I'm trying to use a list as arguments, using the :

>>> l = [1,2,3]
>>> print( *l )

I got an error :

File "<stdin>", line 1
t*
 ^
SyntaxError: invalid syntax

I'm using python 2.7 :

>>> import sys
>>> print sys.version
2.7.3 (default, Jan  2 2013, 13:56:14)
[GCC 4.7.2]

What am I missing ? Thank you ! :)

By default, print isn't a function in Python 2.7. To use the function instead of the statement in a given module, use a future statement:

from __future__ import print_function

This needs to go at the top of your file, before any code that isn't a future statement (or the module docstring), because the compiler needs to see future statements first to compile the rest of the module differently based on the future statement.

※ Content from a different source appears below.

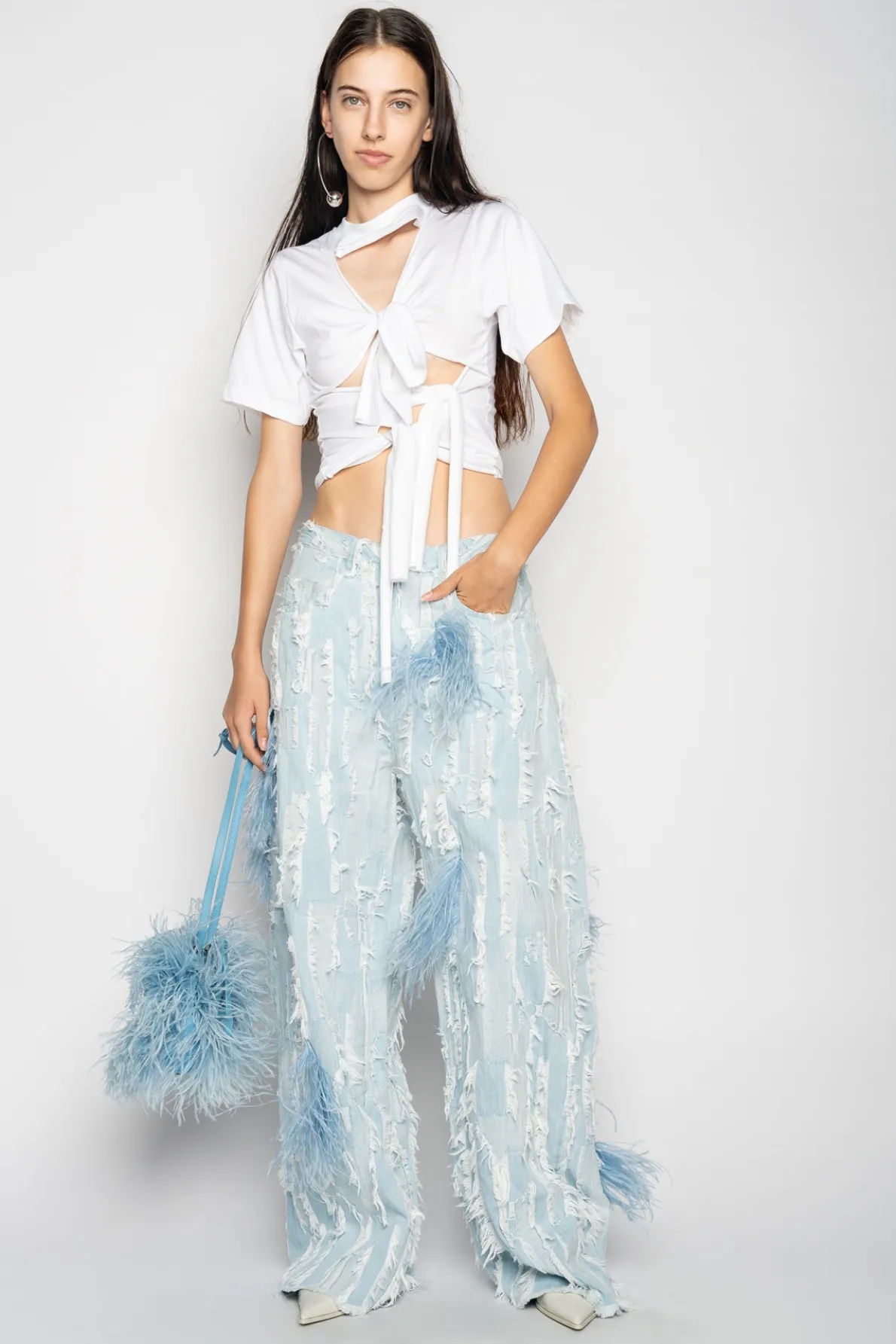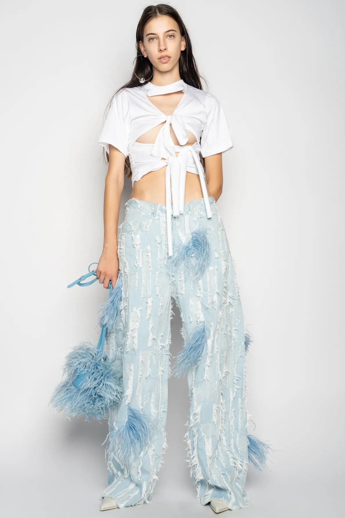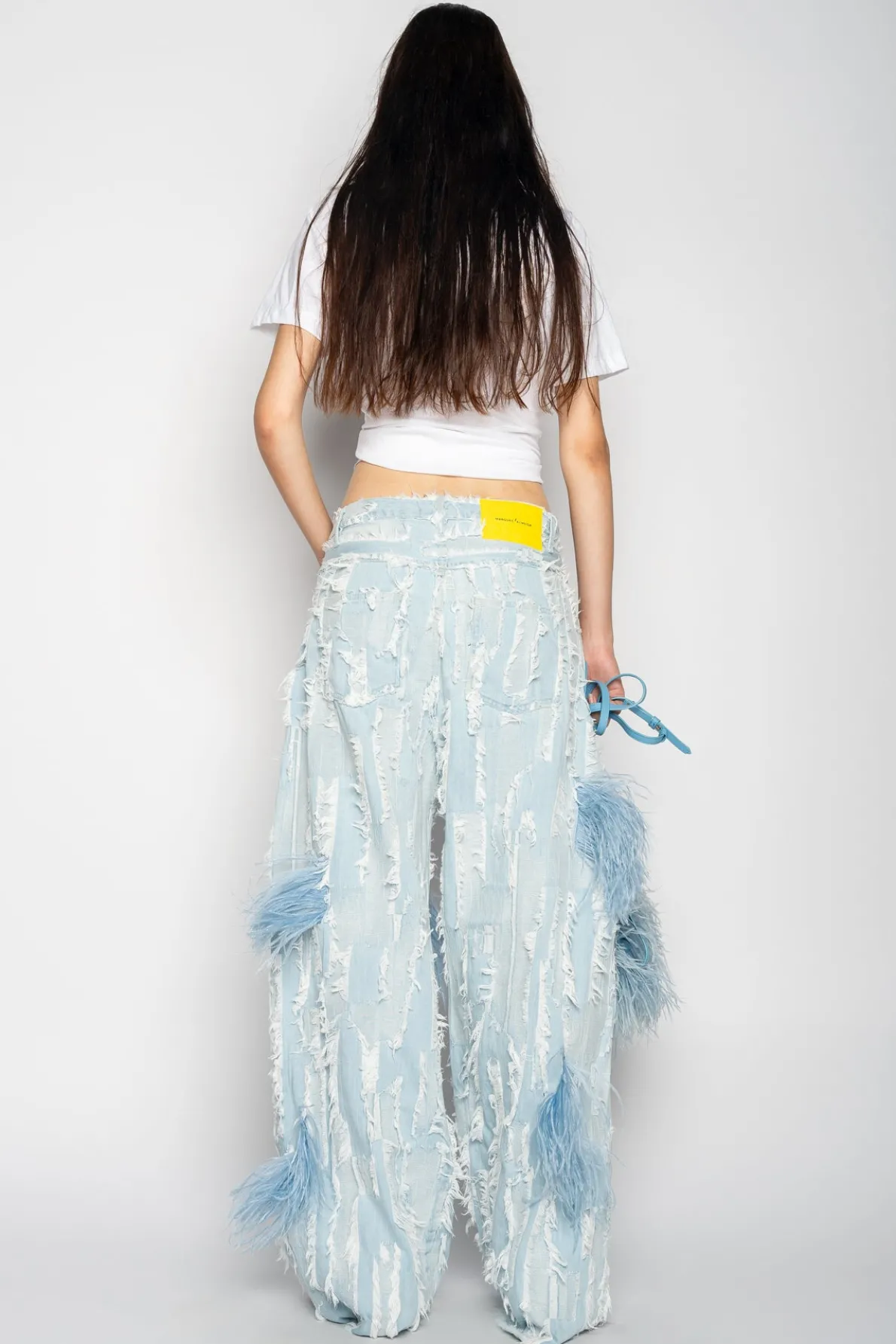 Description: Sporting classic M'A 5-pocket style, these boyfriend jeans exude street-savvy style with their shredded light blue denim and light blue feather accents. The raw hem wide-leg design ensures a relaxed fit and dropped waist with a hint of rise. Fabric: Shredded Denim 71% COTTON 29% POLYESTER size and fit

print is NOT a function in Python 2.7. It is a statement. So, you should do

print l           # [1, 2, 3]

If you want to use print as a function in Python 2.7, you should import print_function from __future__ , like this

from __future__ import print_function
l = [1,2,3]
print(l)          # [1, 2, 3]
print(*l)         # 1 2 3

如果要使用print作为函数,则必须使用__future__或将python升级到3+

Is this what you are searching for?

>>> l = [1, 2, 3]
>>> def x(*args):
...     print args[0]
...     print args
>>> x(*l)
1
(1, 2, 3)

If yes, take also a look at Arbitrary Argument Lists in the Python documenation.